Ken Bolton and B.R. Dionysius emerge from different traditions, respectively: a New York School sense of everyday occasion punctuated by the presence and shaping forces of contemporary art (Frank O’Hara and James Schuyler are clearly present in Bolton’s diction); and a modernised kind of Romantic pastoral, littered with juxtaposed objects of the natural and contemporary world. Yet, at admitted risk of over-generalising, both of their recent books can be seen to be dealing with notions of how to write memory in poetry: how to write a poem to be honest to the process, even the implication itself, of remembering. How can language be used in the service of this retrospective vision, they ask; how does language, shaped by differing poetic forms, illuminate, distort or neutralise it?
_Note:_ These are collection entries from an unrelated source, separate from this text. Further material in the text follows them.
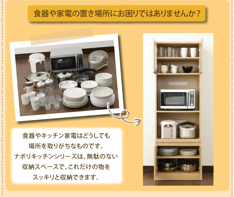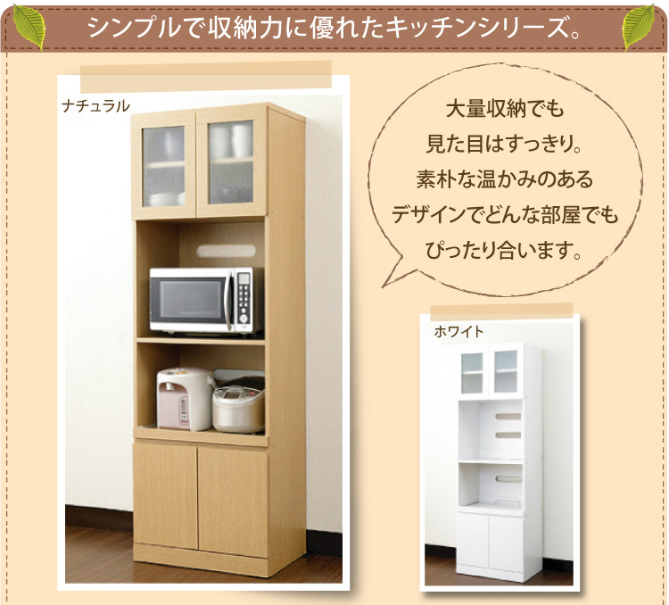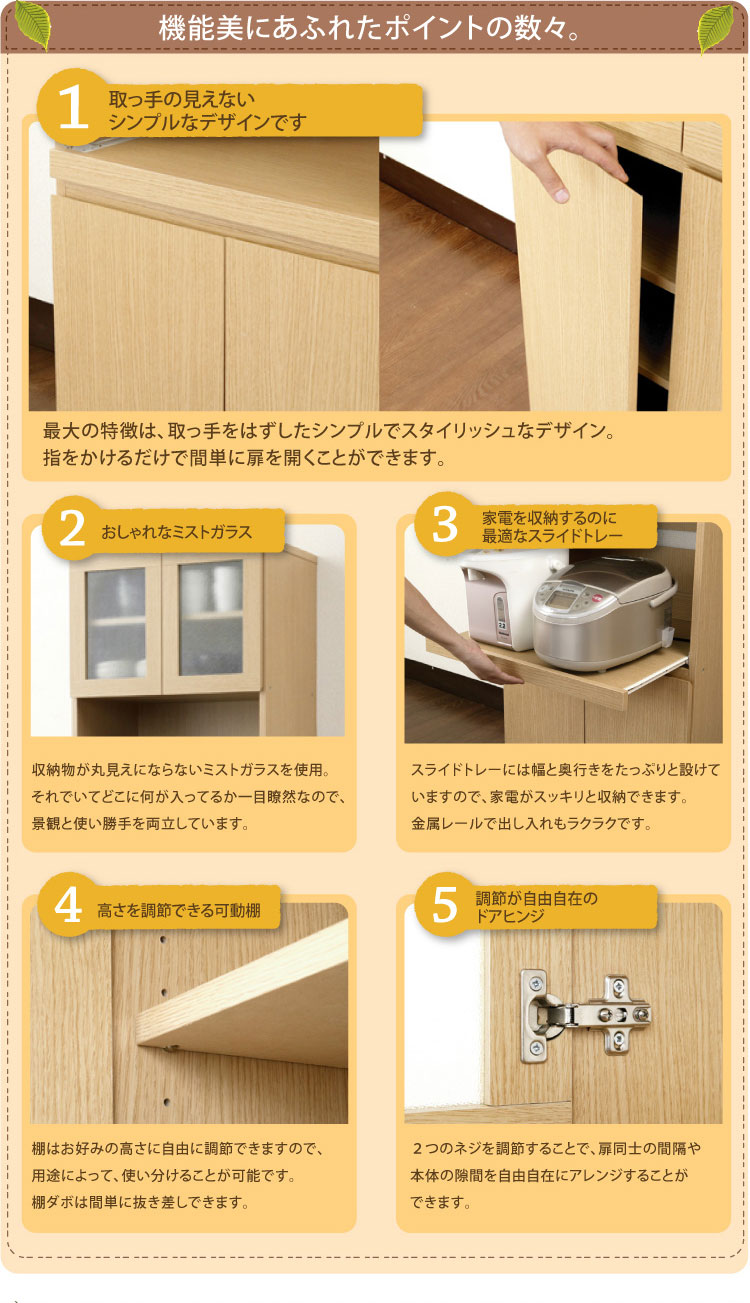 大量収納でもスッキリしたナチュラルラインなデザインで使う場所を選びません。無駄のない収納スペースでたくさんの食器を収納できます!
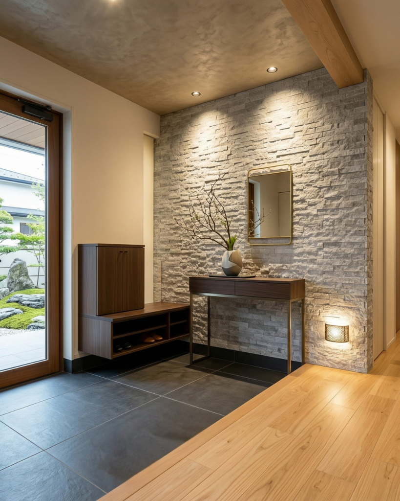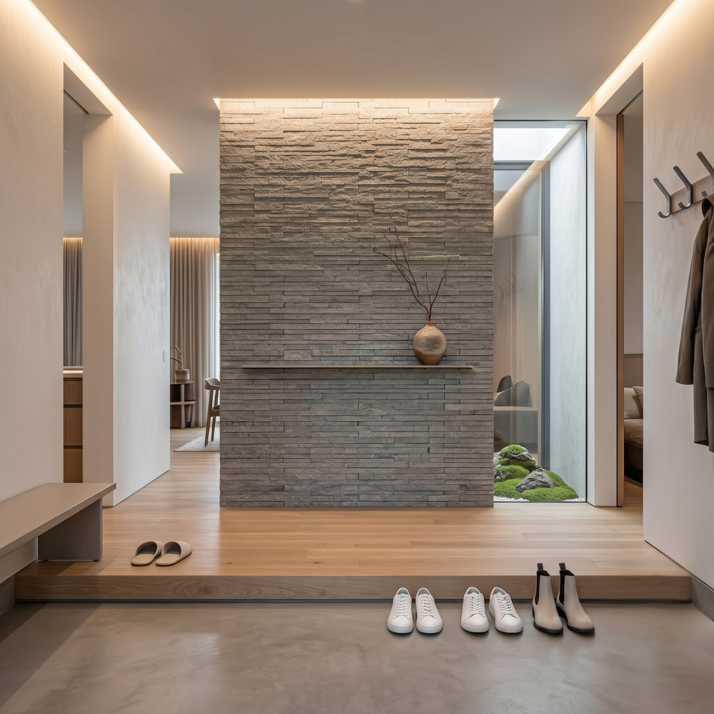 ドアを開けた瞬間、視線の先に天然石の壁があるだけで、空間の質が一段引き上がります。
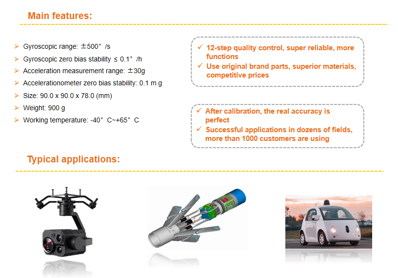 In addition, it has three high-precision quartz accelerometers builtin, which can accurately measure the three-axis accelerationinformation and three-axis angular velocity information of thecarrier, and output at high speed and stably through RS-422serial port.
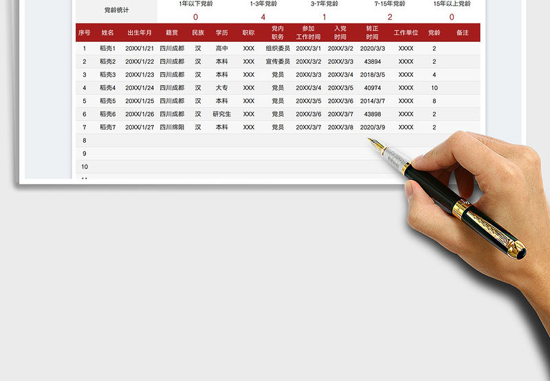 簡潔黨員花名冊模板包含

Threefer extends Bolton’s ongoing study of how to best conceptualise a forever-shifting consciousness. His poetics moves in, and against, a personal and collective artistic and poetic milieu, littered with acquaintances, the urban, the voice of the autonomous poem itself, and the artistic works and figures he admires (even, sometimes detracts):


bland, bleak, Turneresque That old bore give me one of the other great names instead almost any will do Dufy, Picasso Gerhard Richter maybe not Stan Brakhage
(‘On Reflection’)

Its three primary poems – ‘Footprints’, ‘On Reflection’ and ‘Some Days’ – point to the book’s title, as in, ‘three for …’ or perhaps (in cricketing parlance) ‘three out for …’ They all adopt Bolton’s characteristically fractured step lines and sense of colloquial, immediate expression in the service of capturing the unsteady, distracted and forgetful mind as it thinks on its own movements, various subjects and the self-aware creation of the poem. Two smaller poems, ‘London Postcard’ and ‘The Funnies’, present themselves in what can be considered a more conventionally structured manner. ‘London Postcard’ is written in four cinquain stanzas, with the fifth a quatrain, reflecting on a photograph and the feelings of self it provokes in the speaker. It asks:
Why such an image will anchor one
And eventually notes how art can end up:

echoing, I suppose, our own anxieties, resolving them in an image of beauty, a balm of solipsism & objectivity, of calm & pity – for ourselves – selves we mend with this distance & identification

Reverting again to the motif of the trio, ‘The Funnies’ cycles through three comics – ‘The Little King, Boofhead, Brenda Star’ – pointing to their ‘true archaic simplicity’, while simultaneously aestheticizing them in the body of the poem. The speaker finds themselves ‘astonished at that innocence’; at what they can come to mean to him despite, or in spite of, their apparent ‘simplicity’. Both of these poems illustrate the broader concerns of Threefer: reflections on art, which are truly reflections of how the self fits into the world; and how seemingly ordinary things, collaged into the poem, can take on a greater significance than their external reality would usually suggest. In contrast to the playful architecture of Bolton’s book, Dionysius’s fifth collection, Weranga, presents itself in sixty-seven poems: each couched in a sonnet-like structure of fourteen lines, in mostly unrhymed free verse that ghosts rather than enforces pentameter. This gives Weranga a clear sense of ordered unity. The consistency of its structure – heightened by recurring references to space and science fiction, animals, the contrast of ‘linoleum’ to the country surrounds, guns and soldiers, oblique references to Greek mythology/history, images of birth and death – lends itself to a compiled narrative. This is a rural, seemingly highly personal, coming-of-age memoir, played against the similar growth of the Queensland region referred to in the book’s title. Its last poem, ‘Bowenville’, quoted here in full, takes a self-reflexive view of the rural setting that has been created throughout the book:

They’ve all gone the way of the Thessalians Remembered for the landscapes they inhabited More than the rhetoric they bled. Guardianships Of the soil come & go; they are the winter rains That never sired. Seasons fickle in their spin. Red weed adds a Martian touch; green arteries Store the fat of the land, all forward thinking. A small girl’s dream fulfilled; dance steps spun, Dust withdraws its argument with lace & skin. It’s curtains all the way to the pink coral horizon. What will they say of this station? It was a fair view From the hill they saw cattle pregnant in their grace; The Bunya Mountains’ spine blue. They saw stars Fall; swollen by the Milky Way’s transformer hum.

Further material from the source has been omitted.